Wan Bhachran  (), is a town committee of Mianwali District in Punjab province of Pakistan. It is part of Mianwali Tehsil. The word 'Wan' means 'a well' in the Punjabi language. It refers to the well that is situated in the town made by Sher Shah Suri. Whereas 'Bhachars' refers to khoker rajput, Bhachar clan is prevalent in this part of the region.

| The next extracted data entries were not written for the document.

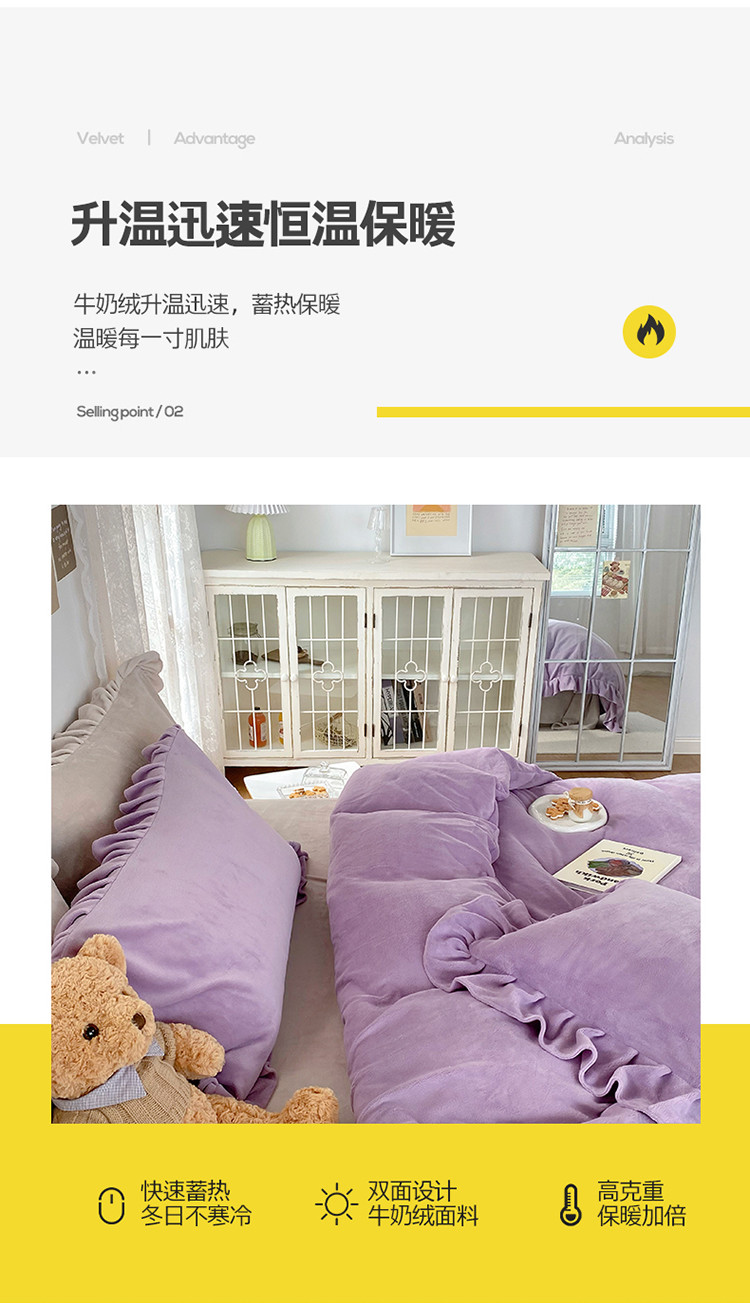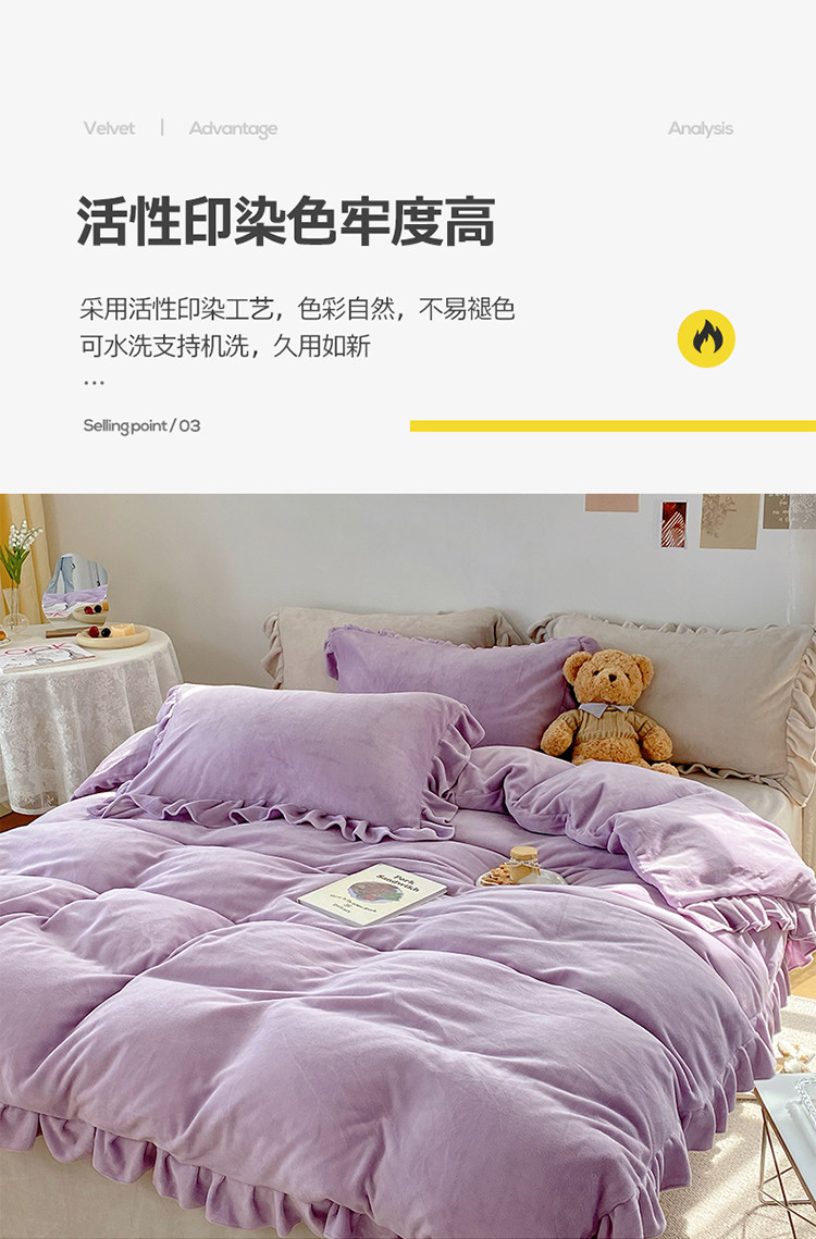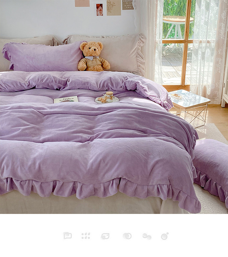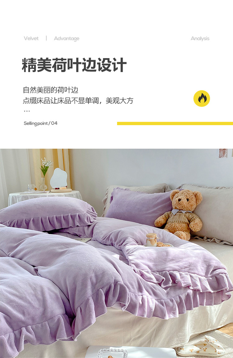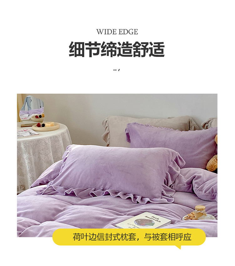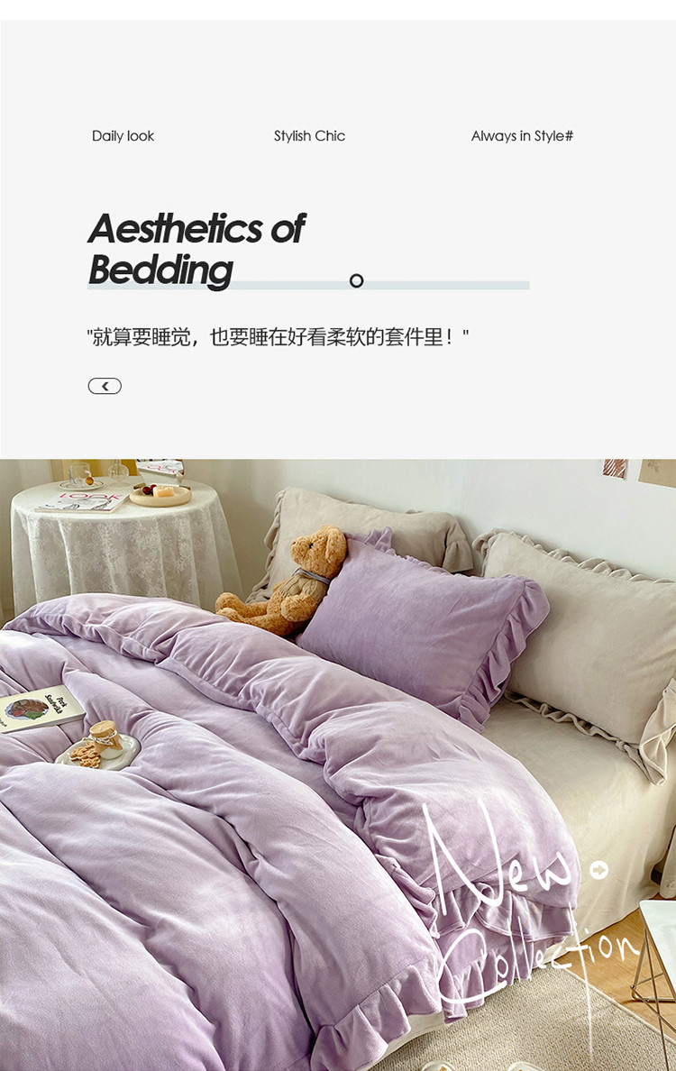 当前位置: 91家纺网 > 商品网购 > 床品套件 > 四件套 > 牛奶绒四件套 > 六巷胡同 2021新款牛奶绒ins混搭花边款四件套 淡紫浅灰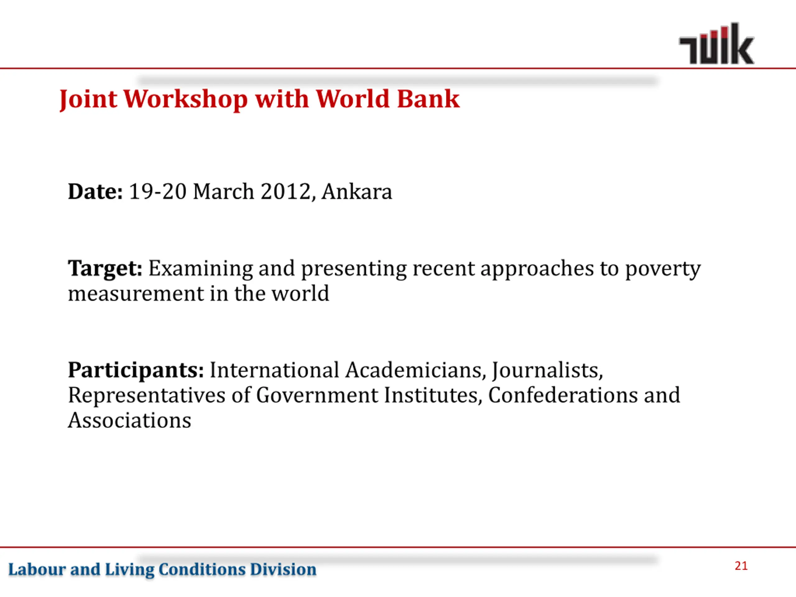 - Joint Workshop with World Bank Date: 19-20 March 2012, Ankara Target: Examining and presenting recent approaches to poverty measurement in the world Participants: International Academicians, Journalists, Representatives of Government Institutes, Confederations and Associations Labour and Living Conditions Division 21
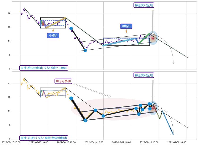 ➣ 缠论中枢点:猜想破位中枢B后持续下拉 → 下跌 → 破位中枢B支撑 → 持续趋势跟踪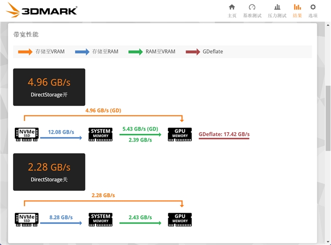 3DMARK DirectStorage功能是DirectX12 Ultimate的重要特性,它可以帮助PC更快的加载游戏,充分释放NVMe固态硬盘的潜力。实测启用DirectStorage之后,使用朗科绝影NV150HK 2TB速度是未开启之前的117.2%,进一步提升游戏的加载速度。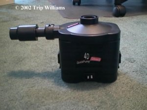 Some enterprising individual came up with an electric air-pump just for these air-mattresses... They're called the "QuickPump" and made by Coleman, you can get em at WallyWorld for about 20-25 bux. They'll blow up an air mattress in no time flat! (No pun intended)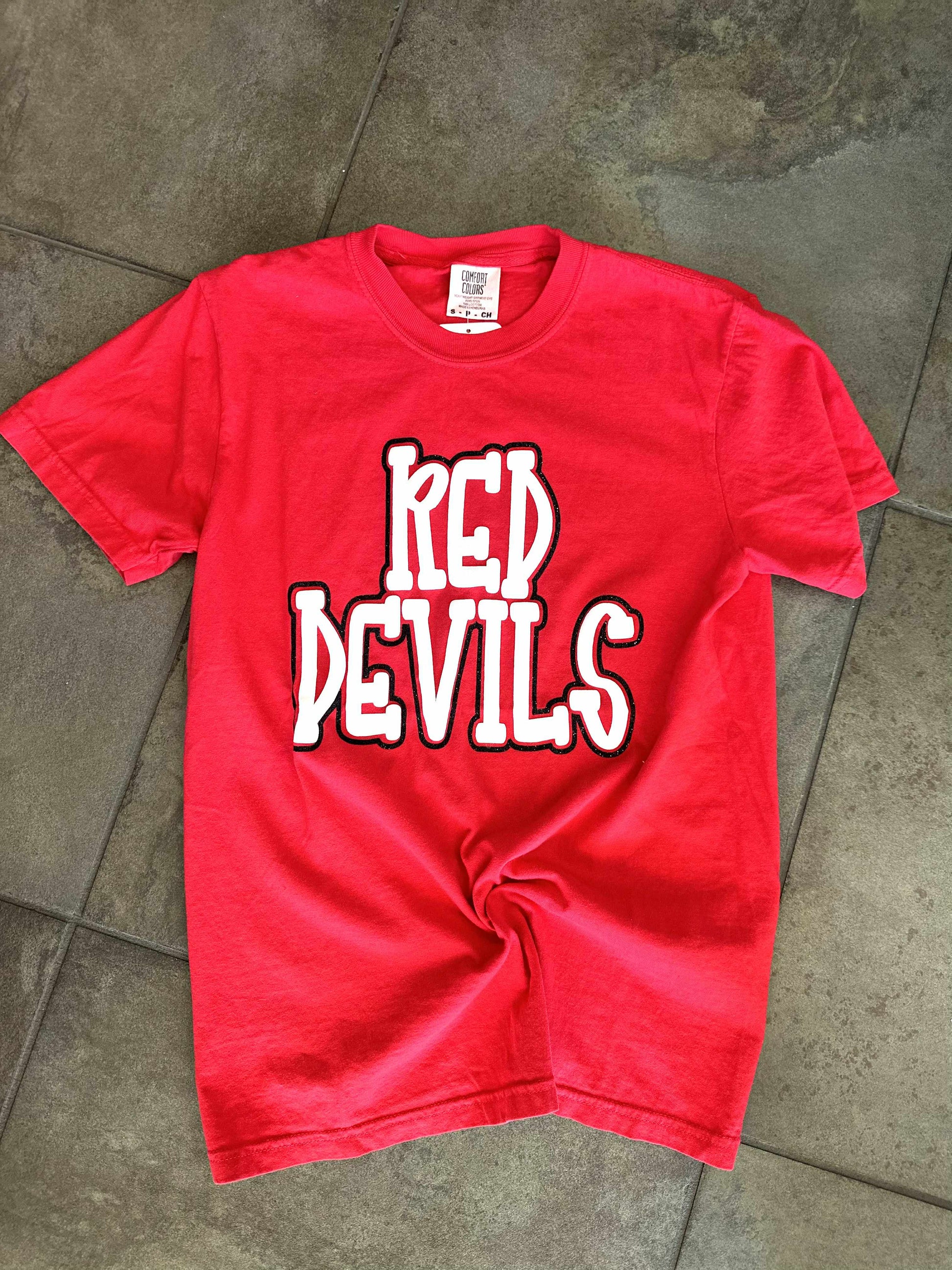 Printed on Comfort colors 100% Ring spun cotton With special touches of White puff ink and Black Glitter Outlined Red Devils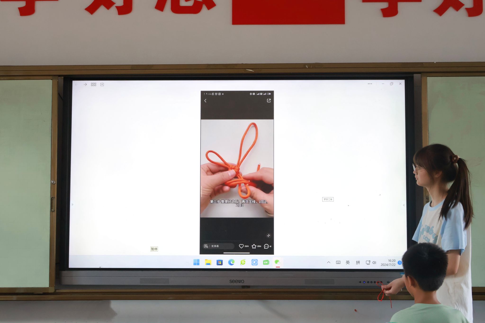 在理论学习环节,老师向学生们介绍了中国结的历史和寓意,让学生们进一步了解中华优秀传统文化。在学生动手实践的过程中,由于中国结的编织难度较大,许多同学都遇到了困难,对此,老师对同学们进行了一对一指导,同时,学生之间也相互沟通和帮助,共同解决问题。课程末,老师邀请学生上台展示,与同学们共同欣赏学生亲手制作的作品。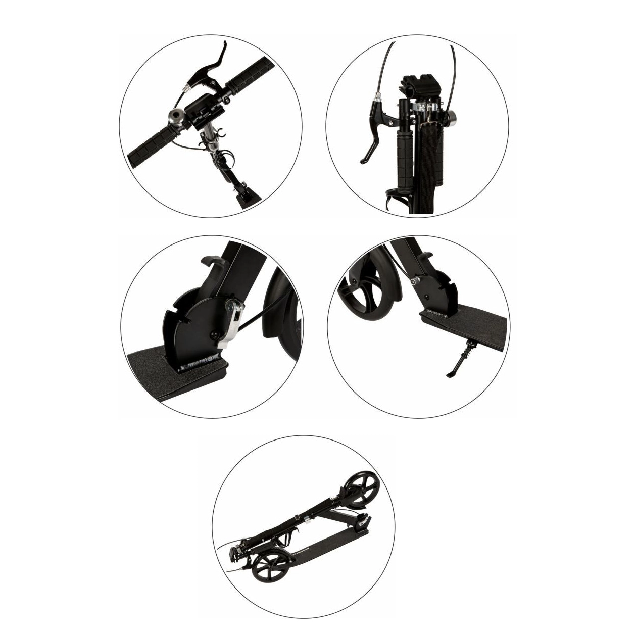 Lagan gradski romobil od aluminija za djecu i tinejdžere nudi velike kotače 200 mm s ležajevima ABEC-7, podesivu upravljaču 95–105 cm, prednje ovjesno opruženje i sklopivi okvir. Za sigurnu vožnju tu su ručna i nožna kočnica, protuklizna platforma, nogar, zvonce i praktični držač za bocu. Maksimalna nosivost 80 kg.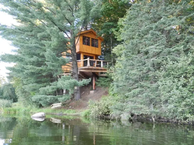 Esta hermosa cabaña en el árbol ofrece una estadía fabulosa rodeada de naturaleza en 40 acres con bosque y humedales, ubicada al borde de un estanque. Con muchos vidrios y ventanas, disfrutará de vistas especialmente serenas, pero probablemente también quiera salir y jugar: Jay Peak Ski Resort está a poco más de 20 minutos, y la casa del árbol también cuenta con una canoa para remar. como un jacuzzi de cedro para relajarse.
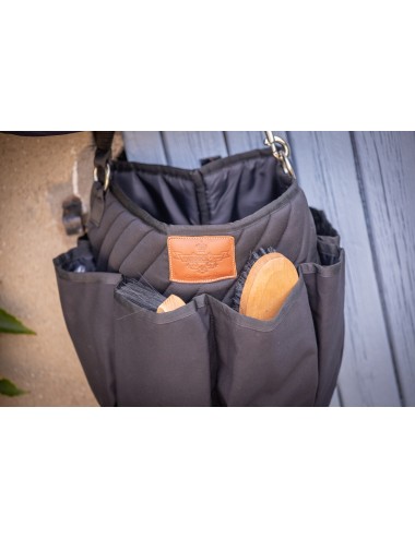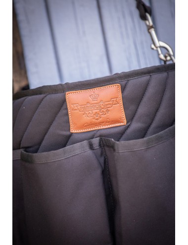 Sac de pansage groom Diagonal PADDOCK Sports composé d'une grande poche centrale et de huit poches tout autour. Idéal pour ranger tout le matériel de pansage et vos produits de soin. Très pratique avec sa lanière amovible par mousqueton, il s'attache partout en concours comme aux écuries. Fabriqué dans une bâche très résistante, surpiquée en diagonal sur la poche centrale, il est facile d'entretien. Le logo PADDOCK Sports est embossé sur un patch en cuir cousu.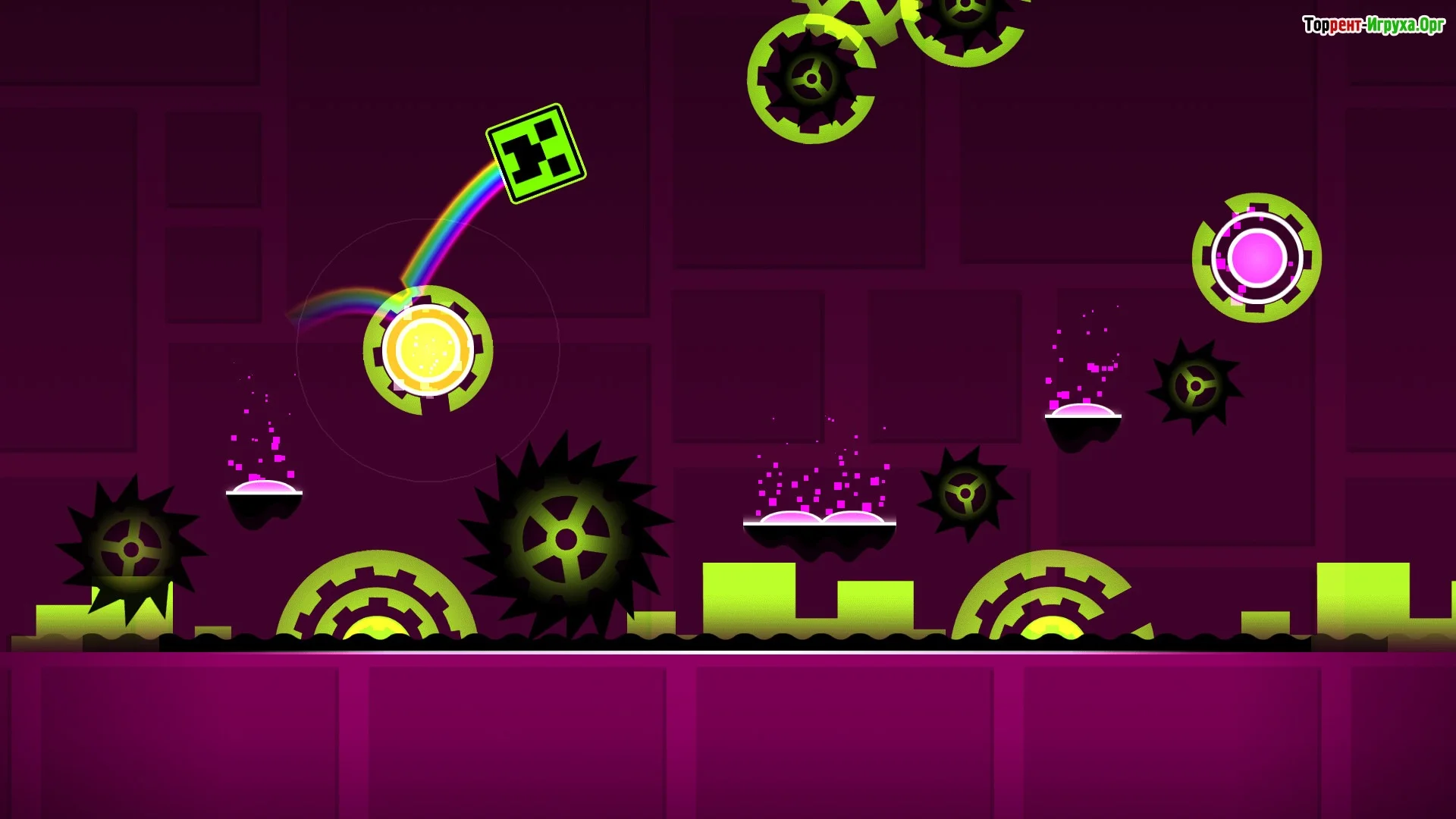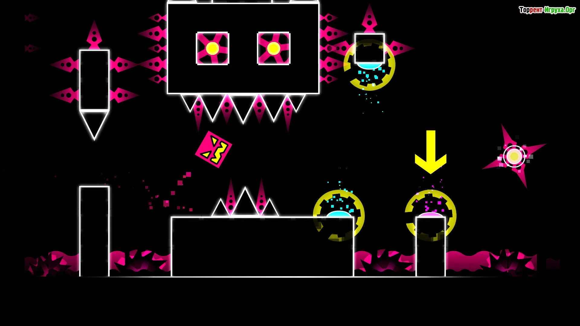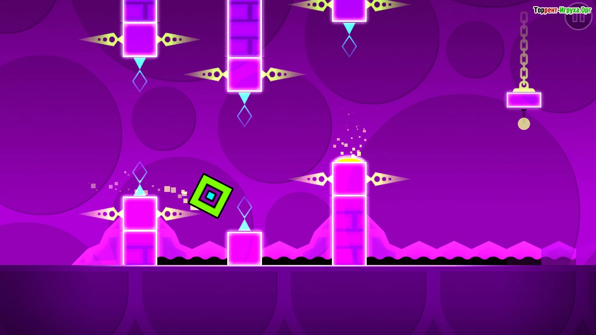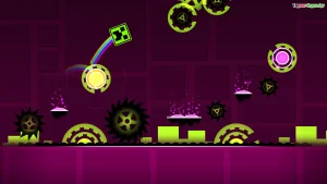Geometry Dash — это 2D-платформер, построенный на точности, реакции и чувстве ритма. Каждый уровень представляет собой динамичную полосу препятствий, полностью синхронизированную с электронной музыкой. Здесь нет сюжета и диалогов — только движение вперёд, музыка и идеальный тайминг.

In the British era, Wan Bhachran was an independent state consisting of several surrounding areas, including Wan Bhachran City, Pakka Ghanjera, Nangni, Chak Maris, Nari, Sheikhali, Chandni, Phati, Chor Wala, Tibi, Shadia, Pakka Sandan Wala, Muhammad Shah, Bhattian Wala, Jhabar, Bhouki, Kabari, Main Din Wala, Natalanwala, Khichi, Asran Wala, Anwar Chowk, Bala Sharif, Vichven, and several Chakouk etc.

These areas come under the jurisdiction of Wan Bhachran police station

The people of Wan Bhachran and surrounding areas speak Punjabi and belong to different castes of the Muslim Jutt tribe.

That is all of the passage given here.